Mar 20, 2013 at 1:01 AM
Is there any way to get statistical information on how many keys in the table are inactive
(removed). It is a very useful piece of information and can be used to determine the user
desired threshold at which point table should be compacted.
Mar 20, 2013 at 1:16 AM
Also I see/have a huge problem with multi-threaded application and compaction. Your documentation specifies a way
to do compaction of a table. Now You wrote that best way is to do it after engine initializes and by only one thread.
Well what if an application is a long running multi-threaded application ? How to solve this problem than ?
RenameTable operations are not transaction specific and outside of transaction table can change before rename
occurs, data can be lost.
Basically what I want to do is periodic compaction, while application is running. I cannot afford to restart or do it at
initialization only. Now I wonder can You suggest a good way to do that ?
Coordinator
Mar 20, 2013 at 9:17 AM
  1. There is no way to see how many keys were removed. You can count it by yourself and store in other table this info.
  2. I don't recommend you to compact data at all. It's not necessary at all or should be done very rare today. If you really need to compact data, then stop the engine, compact all, start the engine.
Coordinator
Mar 20, 2013 at 9:33 AM
If you want to compact data on hot DB, then you have to prepare that some reading threads CAN HAVE reading exceptions, during small period of time, while Renaming of the table occurs. Writing threads will be untouched, because rename can be done inside of the transaction, where you preliminary put the renaming table name into synchro list.
Mar 25, 2013 at 12:42 PM
Edited Mar 25, 2013 at 12:43 PM
Blaze one question/request.

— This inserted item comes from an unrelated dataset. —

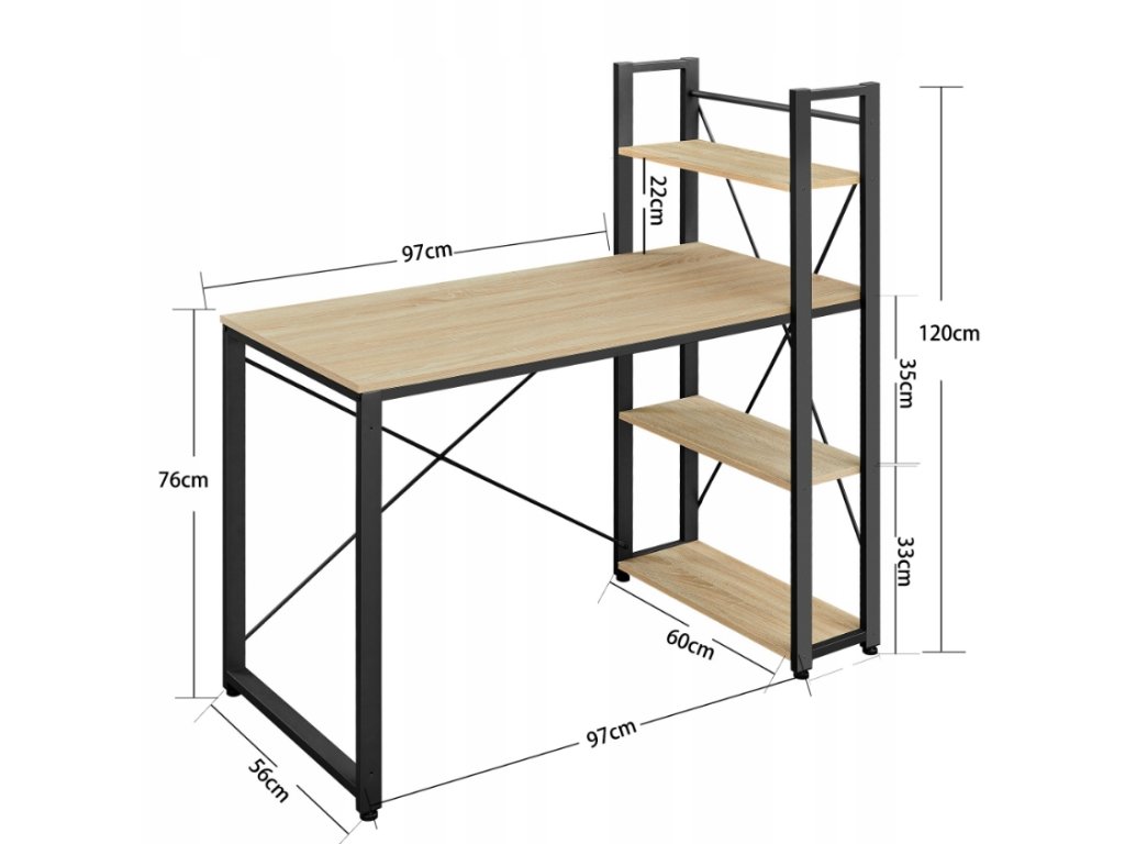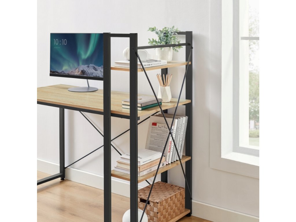 Masa de scris TAYLOR SONOMA cu raft 120 x 60 cm aduce o combinație de metal negru și panou în decor stejar sonoma, oferindu-i un aspect elegant și, în același timp, practic. Datorită raftului integrat cu trei polițe, veți obține suficient spațiu de depozitare pentru cărți, documente sau decorațiuni pe care doriți să le aveți la îndemână. Dimensiunile de 120 x 60 cm oferă o suprafață de lucru spațioasă pentru sarcinile zilnice, munca la computer și studiu.

Is it possible to change code so that Transaction.SynchronizeTables could be called multiple times before tables are accessed/read/written ? I know what You wrote about deadlock handling and it is logical to do it in a single statement but sometimes it is very impractical DAL wise.
For example what would differ if You did:
using (Transaction transaction = engine.GetTransaction ())
{
 transaction.SynchronizeTables ("table1");
 <some non-transaction code>
 <some non-transaction code>
 transaction.SynchronizeTables ("table2");
 <some non-transaction code>
 <some non-transaction code>
 transaction.Insert (); <- start table locking when this is invoked.
 transaction.Remove();
 transaction.Insert ();
 transaction.Select ();
}
Before transaction.insert or any other similar querying/altering statement what would be the problem to lock tables
then ? Know what I mean ?
Coordinator
Mar 25, 2013 at 1:04 PM
Deadlocks can be possible in your example.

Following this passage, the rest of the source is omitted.